[Action item] Starting at the line with "消化内科主任王文斌在进行体格检查" and going on through the line with "This original watercolor", reproduce each line in the records below exactly and nothing more.
━━━━━━━━
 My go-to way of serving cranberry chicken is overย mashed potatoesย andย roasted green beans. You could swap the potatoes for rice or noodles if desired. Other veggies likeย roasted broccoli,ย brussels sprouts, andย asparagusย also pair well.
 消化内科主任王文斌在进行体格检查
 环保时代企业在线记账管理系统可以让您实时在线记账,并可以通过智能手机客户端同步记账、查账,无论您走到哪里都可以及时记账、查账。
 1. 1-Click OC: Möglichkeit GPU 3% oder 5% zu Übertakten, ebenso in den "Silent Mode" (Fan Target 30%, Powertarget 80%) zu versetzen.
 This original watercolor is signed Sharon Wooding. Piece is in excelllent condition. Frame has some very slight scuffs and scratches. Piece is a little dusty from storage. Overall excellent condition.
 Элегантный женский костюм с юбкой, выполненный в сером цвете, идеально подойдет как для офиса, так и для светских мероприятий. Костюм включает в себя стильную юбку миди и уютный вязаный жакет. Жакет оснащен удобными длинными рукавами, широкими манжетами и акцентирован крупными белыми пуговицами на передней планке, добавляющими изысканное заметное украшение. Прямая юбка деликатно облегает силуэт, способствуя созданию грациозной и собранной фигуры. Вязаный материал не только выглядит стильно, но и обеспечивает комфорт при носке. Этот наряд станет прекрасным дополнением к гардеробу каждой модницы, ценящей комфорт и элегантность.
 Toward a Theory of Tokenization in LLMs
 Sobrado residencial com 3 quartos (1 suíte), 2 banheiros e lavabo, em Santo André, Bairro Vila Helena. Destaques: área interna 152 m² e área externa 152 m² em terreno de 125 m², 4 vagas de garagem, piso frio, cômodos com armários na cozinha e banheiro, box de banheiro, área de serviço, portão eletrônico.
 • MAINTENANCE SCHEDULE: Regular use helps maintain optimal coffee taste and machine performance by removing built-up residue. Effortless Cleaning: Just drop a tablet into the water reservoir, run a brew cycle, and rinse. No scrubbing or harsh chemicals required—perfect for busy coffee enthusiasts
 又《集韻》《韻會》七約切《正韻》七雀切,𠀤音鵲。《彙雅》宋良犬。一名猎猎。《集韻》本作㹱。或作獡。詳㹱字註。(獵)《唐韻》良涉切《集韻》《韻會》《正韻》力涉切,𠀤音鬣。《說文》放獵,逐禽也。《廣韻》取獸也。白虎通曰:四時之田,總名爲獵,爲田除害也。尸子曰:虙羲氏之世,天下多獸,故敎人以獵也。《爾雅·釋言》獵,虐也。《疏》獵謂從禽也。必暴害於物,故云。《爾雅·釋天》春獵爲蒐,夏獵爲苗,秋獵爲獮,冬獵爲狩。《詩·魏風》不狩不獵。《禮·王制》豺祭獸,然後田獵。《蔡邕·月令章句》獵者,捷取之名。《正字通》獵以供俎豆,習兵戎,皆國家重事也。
━━━━━━━━
[Output]
 消化内科主任王文斌在进行体格检查
 环保时代企业在线记账管理系统可以让您实时在线记账,并可以通过智能手机客户端同步记账、查账,无论您走到哪里都可以及时记账、查账。
 1. 1-Click OC: Möglichkeit GPU 3% oder 5% zu Übertakten, ebenso in den "Silent Mode" (Fan Target 30%, Powertarget 80%) zu versetzen.
 This original watercolor is signed Sharon Wooding. Piece is in excelllent condition. Frame has some very slight scuffs and scratches. Piece is a little dusty from storage. Overall excellent condition.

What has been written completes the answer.